§ **Material provided**
= = = =
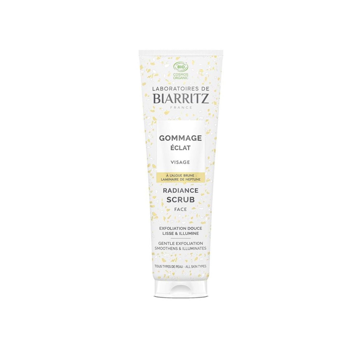 Esfoliante esfoliante feito de algas marinhas castanhas, jojoba, Aloé vera orgânico e casca de coco que ajuda a remover as células mortas da pele. A sua utilização favorece a renovação da epiderme e também previne a irritação e prurido cutâneo. Graças aos seus ingredientes, oferece uma grande hidratação que proporciona elasticidade e reduz o aparecimento de rugas.
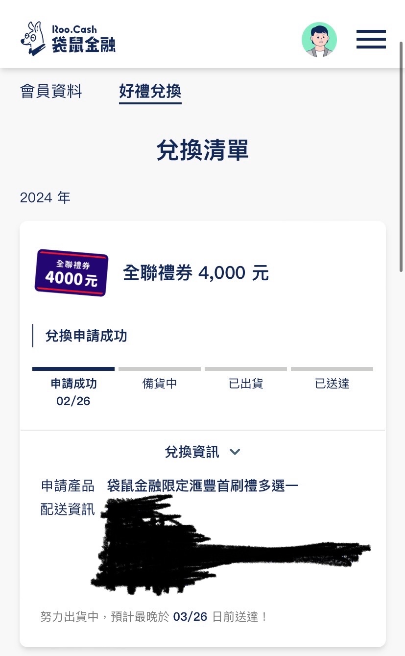 → ruby02162000: 剛收到袋鼠的兌換簡訊,填完後顯示努力於3/26前送到02/26 16:32
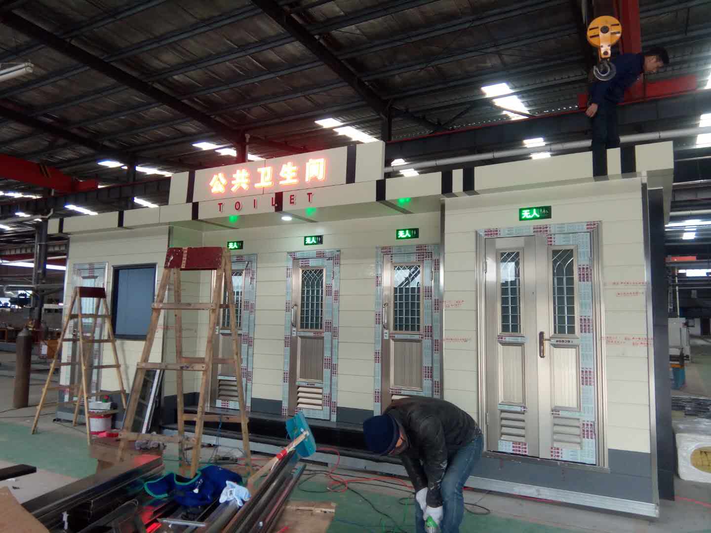1、房體結(jié)構(gòu): 采用輕鋼龍骨結(jié)構(gòu),鋼材全部使用國家標準鍍鋅鋼材。根據(jù)房體的大小特選用國標方管(50-100)焊接而成。鍍鋅管厚度為2.8mm,方管經(jīng)過除銹后進行鍍鋅、防腐處理。這樣就會延長廁所使用壽命。
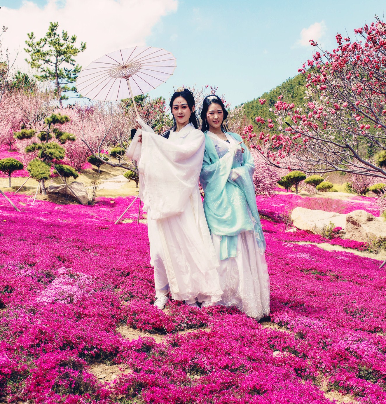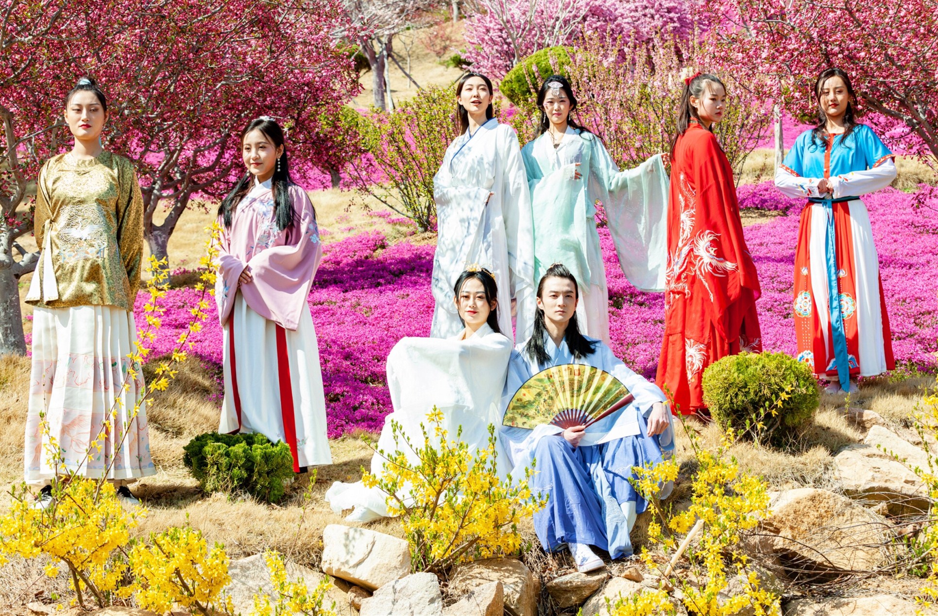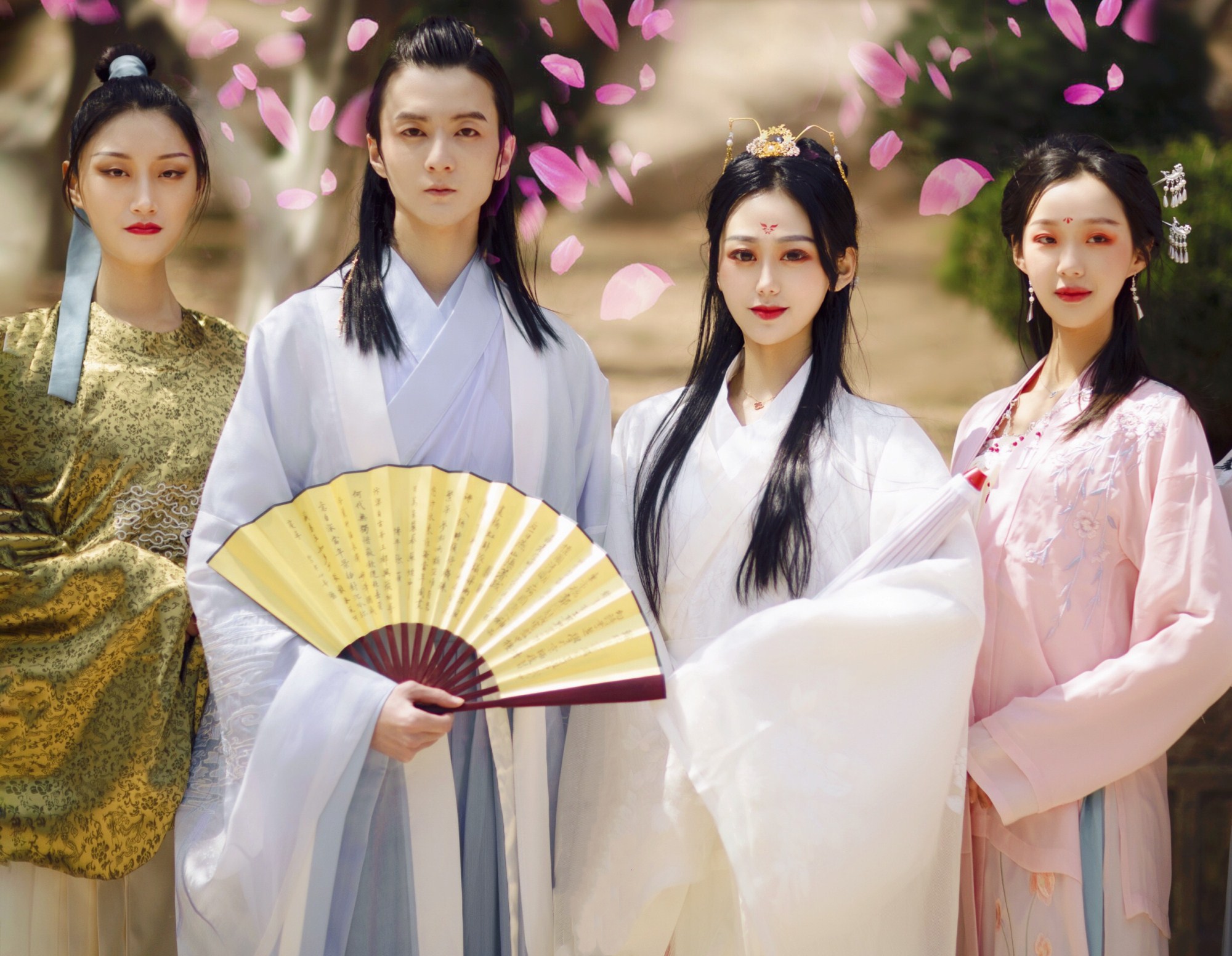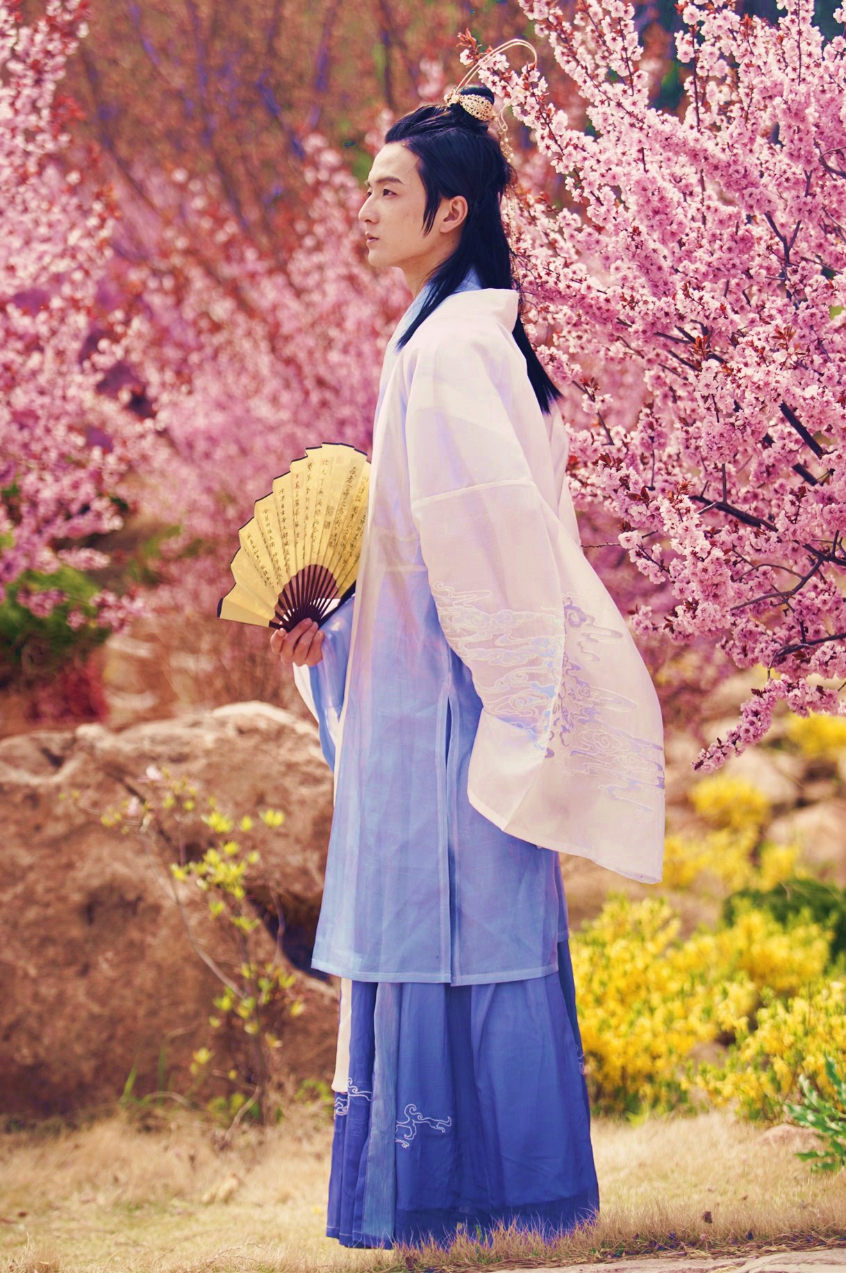 俊男靓女的组合加上汉服与樱花的搭配,恍惚间,令人似有穿越千年的错觉。
= = = =
§ **Assigned task**
For every line above, produce an exact transcription that omits the images.

§ **Expected output**
 Esfoliante esfoliante feito de algas marinhas castanhas, jojoba, Aloé vera orgânico e casca de coco que ajuda a remover as células mortas da pele. A sua utilização favorece a renovação da epiderme e também previne a irritação e prurido cutâneo. Graças aos seus ingredientes, oferece uma grande hidratação que proporciona elasticidade e reduz o aparecimento de rugas.
 → ruby02162000: 剛收到袋鼠的兌換簡訊,填完後顯示努力於3/26前送到02/26 16:32
1、房體結(jié)構(gòu): 采用輕鋼龍骨結(jié)構(gòu),鋼材全部使用國家標準鍍鋅鋼材。根據(jù)房體的大小特選用國標方管(50-100)焊接而成。鍍鋅管厚度為2.8mm,方管經(jīng)過除銹后進行鍍鋅、防腐處理。這樣就會延長廁所使用壽命。
 俊男靓女的组合加上汉服与樱花的搭配,恍惚间,令人似有穿越千年的错觉。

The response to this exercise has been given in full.